### Problem requirements
Omit the pictures. Transcribe exactly the lines below, from the one with "즉 분배금의 크기에서도 차이가 있지만, 가격에서도 약간의 차이가 있었네요." up to and including the last.

### Data
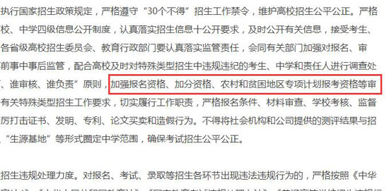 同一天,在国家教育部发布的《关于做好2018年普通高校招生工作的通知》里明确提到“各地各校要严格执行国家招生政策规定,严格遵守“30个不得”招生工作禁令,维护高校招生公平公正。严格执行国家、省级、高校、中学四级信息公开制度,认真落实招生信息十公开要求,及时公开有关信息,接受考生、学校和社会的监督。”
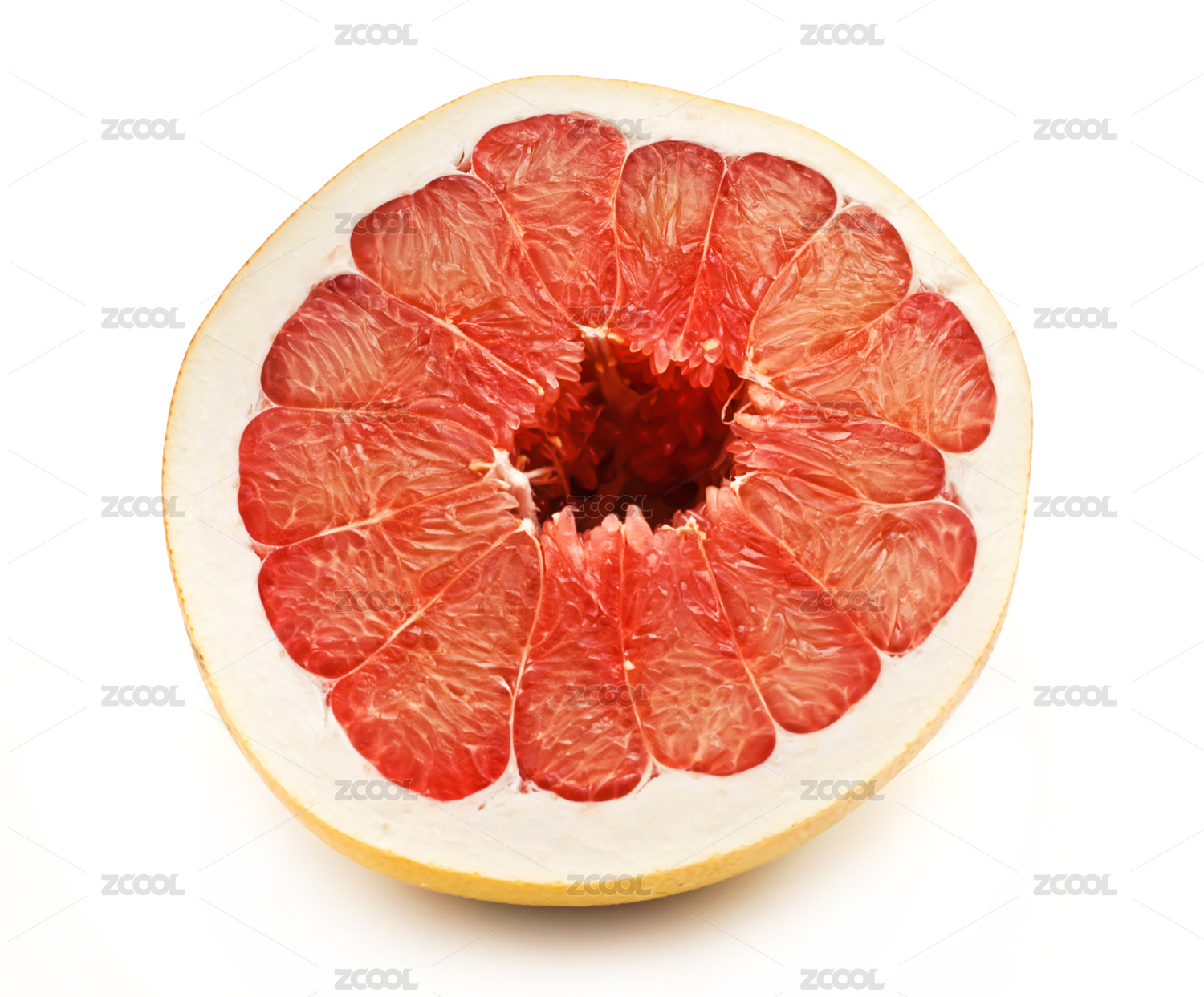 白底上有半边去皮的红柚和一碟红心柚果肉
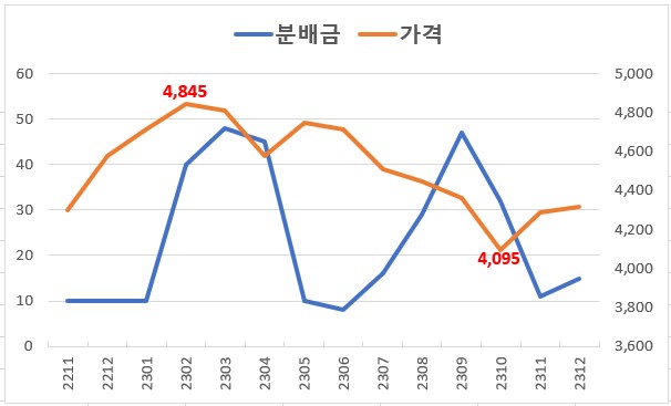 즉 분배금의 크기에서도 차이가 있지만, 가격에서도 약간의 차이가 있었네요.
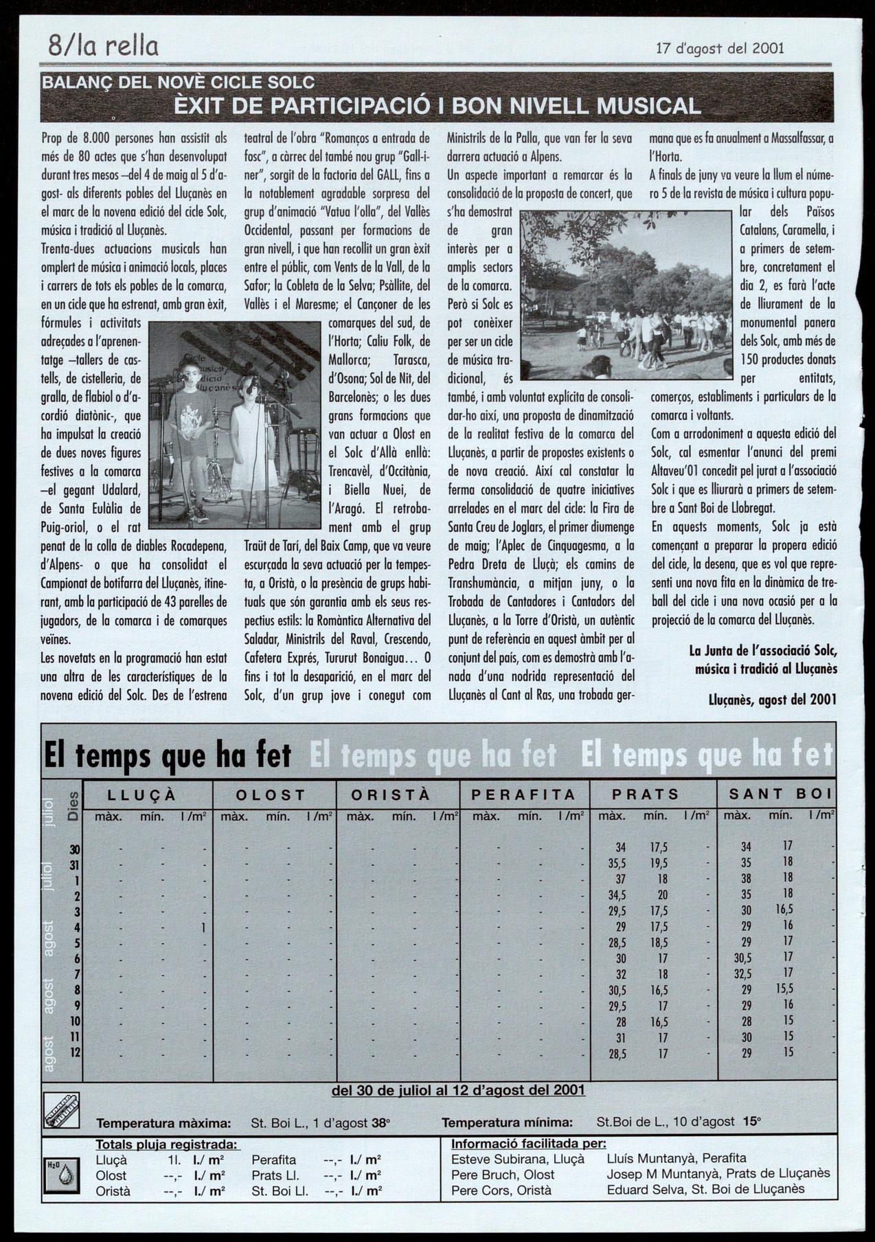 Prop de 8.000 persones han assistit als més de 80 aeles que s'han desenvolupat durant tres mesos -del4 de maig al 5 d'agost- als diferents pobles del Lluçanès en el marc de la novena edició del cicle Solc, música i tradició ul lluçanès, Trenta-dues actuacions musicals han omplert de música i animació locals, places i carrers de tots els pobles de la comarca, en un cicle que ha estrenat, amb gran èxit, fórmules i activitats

### Response below
 즉 분배금의 크기에서도 차이가 있지만, 가격에서도 약간의 차이가 있었네요.
 Prop de 8.000 persones han assistit als més de 80 aeles que s'han desenvolupat durant tres mesos -del4 de maig al 5 d'agost- als diferents pobles del Lluçanès en el marc de la novena edició del cicle Solc, música i tradició ul lluçanès, Trenta-dues actuacions musicals han omplert de música i animació locals, places i carrers de tots els pobles de la comarca, en un cicle que ha estrenat, amb gran èxit, fórmules i activitats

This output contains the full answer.